Local maritime officials are upbeat about the future of the shipping industry but have repeated their warning that the realization of the industry’s goals depends crucially on the speeding up of initiatives to clear the Demerara River channel.

And in a move seemingly designed to send another  reminder to the authorities regarding the negative consequences resulting from the protracted failure to dredge the channel  Chairman of the Managing Committee of the Shipping Association of Guyana (SAG), Desmond Sears, on  March 22 told the Association’s  Annual Dinner Awards presentation that the lack of a modern Demerara Harbour places the country adrift of much of the rest of the international community in terms of maritime development.

Containers being moved from Port Georgetown
Containers being moved from Port Georgetown

“The entire maritime world is moving ahead in leaps and bounds.  Countries all around us have either begun or completed the modernization of their sea ports.   Guyana must now be made ready to meet the stringent demands of shippers all around the world for more modern port facilities and more efficient operations,” Sears told  the awards ceremony.

The issue of the shallowness of the channel and its maritime and economic implications has been at the forefront of the shipping industry’s agenda for several years.

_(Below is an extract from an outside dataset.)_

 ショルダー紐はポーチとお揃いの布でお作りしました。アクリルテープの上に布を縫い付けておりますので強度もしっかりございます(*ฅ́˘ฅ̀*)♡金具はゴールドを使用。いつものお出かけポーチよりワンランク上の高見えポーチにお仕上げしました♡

On Friday, Sears detailed some of the current negative economic consequences and the likely future lost opportunities that could accrue from further delays in undertaking the dredging of the channel.

Alluding to the “severe limitations that the shallow draught of the Demerara River Channel imposes on maritime commerce” Sears told the forum that the restrictions placed on the size and weight of vessels and cargo entering or leaving Port Georgetown “has had a negative impact on shippers, the commercial sector, the public sector including GUYSUCO, and the private productive sector”. According to Sears the limitations of the channel have resulted in a significant slowing down of business. “Some Caribbean and international markets have been lost or reduced because cargo vessels could only take out limited volumes of cargo.  The same inefficiency applies to the movement of cargo inward,” he added.

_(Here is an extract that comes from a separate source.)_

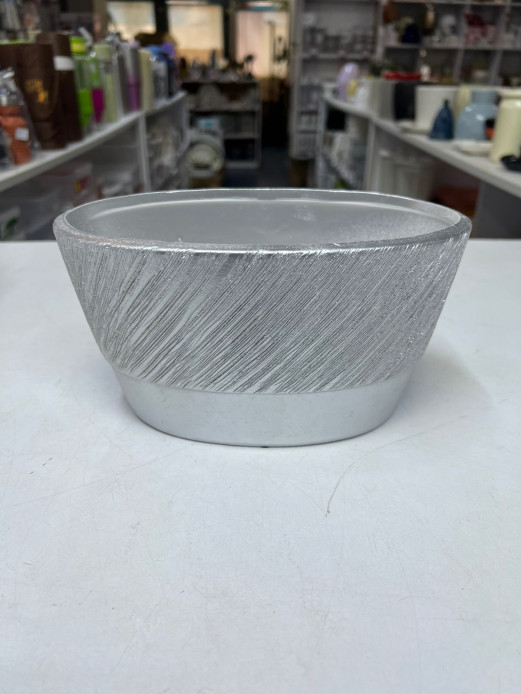 Silver Ceramic Decorative Planter or Bowl – Elegant Metallic Home Accent

Last year the SAG prepared a paper on the problems of the channel for the regional shipping journal Caribbean Maritime in which it suggested that the issues which have negatively affected opportunities for significant growth are, in several respects, linked to the delay in implementing port development measures including the dredging of the channel.

Despite concerns about the channel, however, Sears painted an optimistic picture of the prospects for the local maritime industry pointing out that the industry was likely to secure a significant boost following the commissioning of a Berbice Harbour. “We are already beginning to witness growth in that region…It is safe to assume that more small vessels will take to the waters to ferry goods via the Berbice and Demerara Rivers.  There will arise the need for representation,hence the intention of SAG to carry out outreach programmes in the Berbice business community,” Sears added.

Meanwhile, according to Sears, the SAG is moving to ensure that the requisite industry skills are readily available by intensifying training and skill development at the intermediary and tertiary levels.  He said that the Association had already  undertaken preliminary discussions with the Ministry of Education “to encourage the inclusion of maritime related subjects in the curricula of secondary and vocational training institutes in Guyana.” Additionally, Sears said, “SAG intends to continue discussions with the Critchlow Labour College, and the Caribbean Maritime Institute for technical assistance to resuscitate the Maritime Transportation and Transport Logistics diploma and degree level programmes at the University of Guyana.”